Ingredients

  • 4 tablespoons extra-virgin olive oil
  • 1 medium onion, finely chopped
  • 3 cloves garlic, minced
  • 1 pound ground turkey
  • 1 teaspoon dried oregano
  • 1 teaspoon fennel seeds
  • 1 28-ounce can plum tomatoes
  • Salt and freshly ground black pepper
  • Pinch of hot red pepper flakes
  • 2 tablespoons chopped Italian parsley
  • Nutritional Information
    • Nutritional analysis per serving (4 servings)

      342 calories; 22 grams fat; 4 grams saturated fat; 0 grams trans fat; 12 grams monounsaturated fat; 4 grams polyunsaturated fat; 12 grams carbohydrates; 3 grams dietary fiber; 6 grams sugars; 24 grams protein; 78 milligrams cholesterol; 122 milligrams sodium

    • Note: Nutrient information is not available for all ingredients. Amount is based on available data.

4 servings

Preparation

  1. Heat the oil in a heavy skillet.
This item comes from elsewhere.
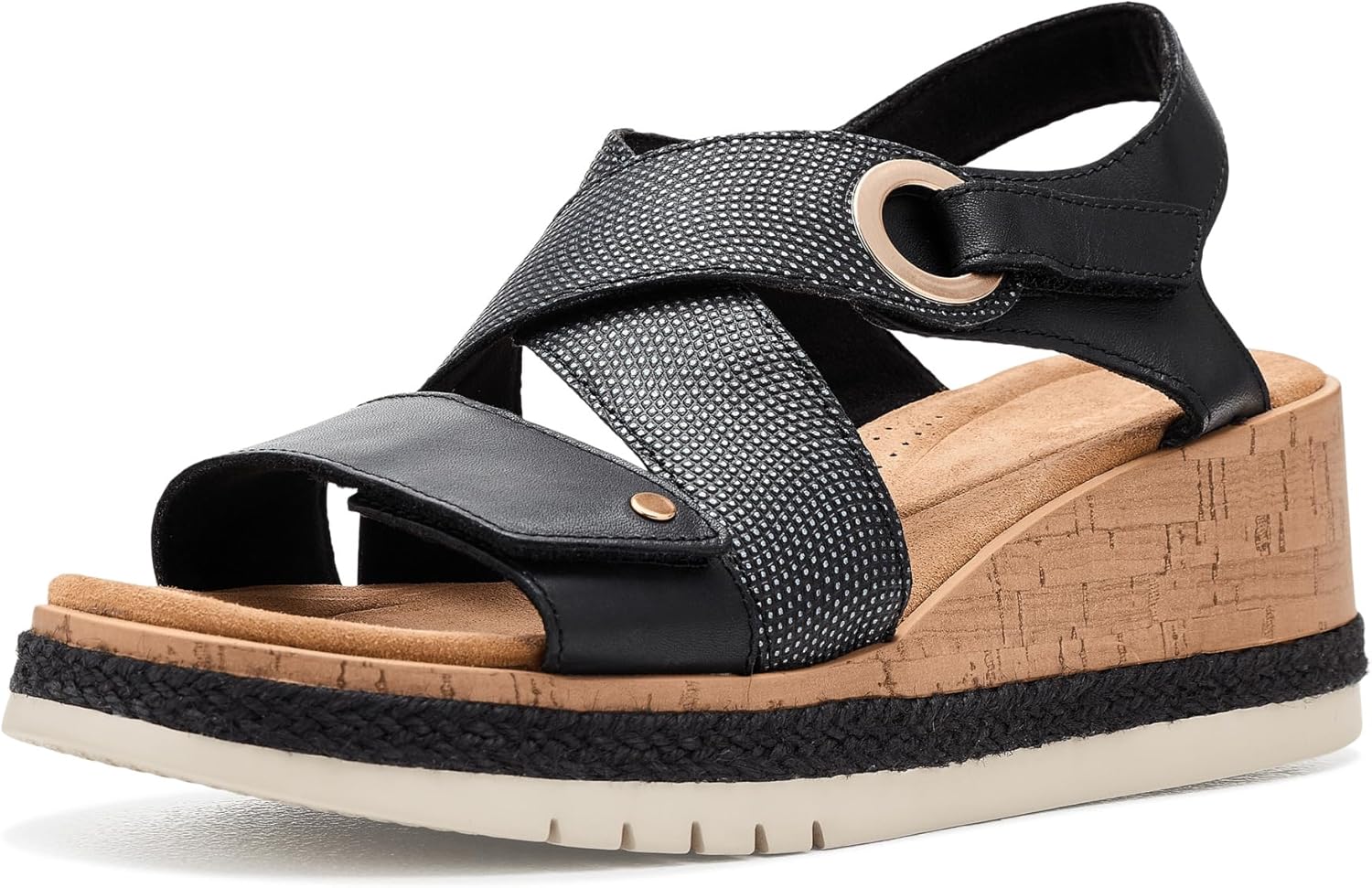 Prepped for casual, modern styling, Clarks Kidiki Sun sandal calls on an easy-walk wedge heel to keep movement feeling comfortable. Prioritising underfoot support and a lightweight feel, this summer silhouette delivers modern, crafted styling for easy, all-day wear. Leathers lend a premium finish, while an EVA outsole and a two layer midsole offer lasting durability. - Premium black combi leather upper - Moulded Contour Cushion footbed supports every step - Adjustable straps add comfort and security for all-day wear - Hook-and-loop closure provides easy adjustability - Textile lining - Two-layer midsole promotes bounce and flexibility - Lightweight, impact-absorbing EVA outsole - Wedge heel with jute finish lends a crafted look - Heel height: 65mm

Add the onion and saute until soft and barely beginning to brown. Add the garlic and stir.
  2. Add the turkey and cook over medium heat, stirring, until the meat is uniformly broken up and loses its color. Stir in the oregano and fennel.
  3. Drain the tomatoes, reserving the juice. Break them up and add to the turkey. Bring to a simmer and cook, stirring from time to time, for about 20 minutes, until the sauce has thickened. Season to taste with salt, pepper and hot pepper flakes.
  4. Before serving, reheat the sauce, adding a little of the reserved juice if the sauce is too thick. Sprinkle with parsley.